A magneto-optical trap, which can hold neutral francium atoms for short periods of time.

Francium can be synthesized by a fusion reaction when a gold-197 target is bombarded with a beam of oxygen-18 atoms from a linear accelerator in a process originally developed at the physics department of the State University of New York at Stony Brook in 1995. Depending on the energy of the oxygen beam, the reaction can yield francium isotopes with masses of 209, 210, and 211.

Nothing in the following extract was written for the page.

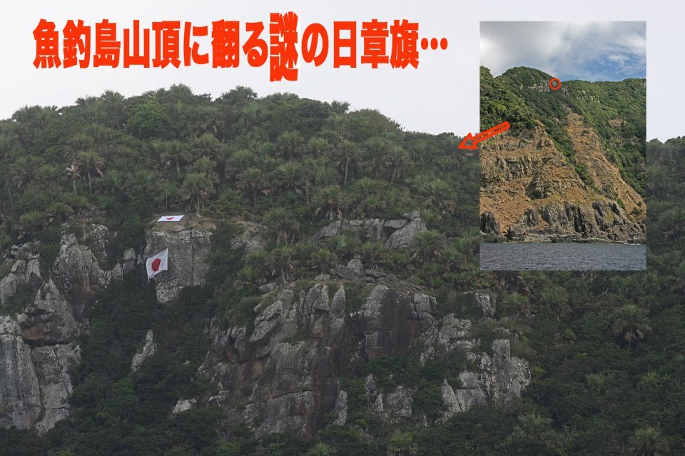 魚釣島の奈良原岳(362m)の山頂付近に翻る2つの日の丸旗。いったい誰がやったのか?

^{197}Au + ^{18}O → ^{209}Fr + 6 n
^{197}Au + ^{18}O → ^{210}Fr + 5 n
^{197}Au + ^{18}O → ^{211}Fr + 4 n

Image of light emitted by a sample of 200,000 francium atoms in a magneto-optical trap
Heat image of 200,000 francium atoms in a magneto-optical trap, around 100 attograms

The francium atoms leave the gold target as ions, which are neutralized by collision with yttrium and then isolated in a magneto-optical trap (MOT) in a gaseous unconsolidated state. Although the atoms only remain in the trap for about 30 seconds before escaping or undergoing nuclear decay, the process supplies a continual stream of fresh atoms. The result is a steady state containing a fairly constant number of atoms for a much longer time. The original apparatus could trap up to a few thousand atoms, while a later improved design could trap over 300,000 at a time. Sensitive measurements of the light emitted and absorbed by the trapped atoms provided the first experimental results on various transitions between atomic energy levels in francium. Initial measurements show very good agreement between experimental values and calculations based on quantum theory. The research project using this production method relocated to TRIUMF in 2012, where over 10^{6} francium atoms have been held at a time, including large amounts of ^{209}Fr in addition to ^{207}Fr and ^{221}Fr.

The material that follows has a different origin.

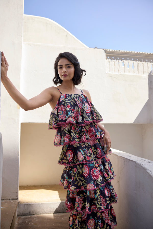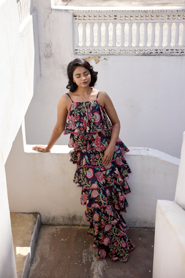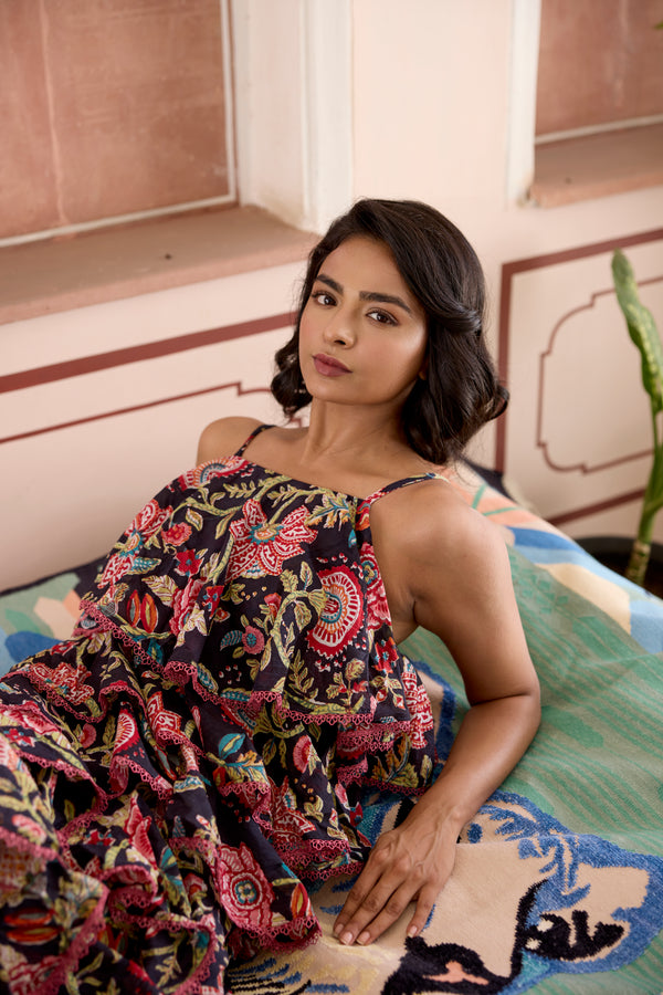 The fabric, made of natural yarns is hand blocked by artisans from Jaipur, commissioning the printing technique that involves meticulous carving of intricate designs onto wooden blocks by hand, which are then dipped into natural dyes and hand printed onto the fabric with extreme precision.

Other synthesis methods include bombarding radium with neutrons, and bombarding thorium with protons, deuterons, or helium ions.

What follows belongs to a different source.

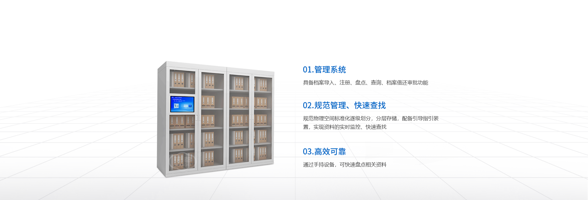 智慧文件柜HDW-RFID01為我司自主研發(fā)的一款實(shí)現(xiàn)資料實(shí)時(shí)監(jiān)控、精準(zhǔn)指引、快速盤點(diǎn)的文件存儲(chǔ)柜,采用整柜分層存儲(chǔ)的方式,單層物理標(biāo)準(zhǔn)劃分單元格,逐級(jí)標(biāo)準(zhǔn)劃分,規(guī)范化管理;每個(gè)位置配備引導(dǎo)指示裝置,實(shí)現(xiàn)資料的實(shí)時(shí)監(jiān)控、快速查找;引入RFID相關(guān)技術(shù),通過(guò)手持設(shè)備(支持全自動(dòng)盤點(diǎn))可快速盤點(diǎn)相關(guān)資料,高效且可靠;配套PC端管理系統(tǒng),可為用戶提供流程化、規(guī)范化、標(biāo)準(zhǔn)化的管理模式,廣泛應(yīng)用于黨、政、軍、企、公檢法等單位重要及保密文件的存儲(chǔ)和管理。

^{223}Fr can also be isolated from samples of its parent ^{227}Ac, the francium being milked via elution with NH_{4}Cl–CrO_{3} from an actinium-containing cation exchanger and purified by passing the solution through a silicon dioxide compound loaded with barium sulfate.

In 1996, the Stony Brook group trapped 3000 atoms in their MOT, which was enough for a video camera to capture the light given off by the atoms as they fluoresce. Francium has not been synthesized in amounts large enough to weigh.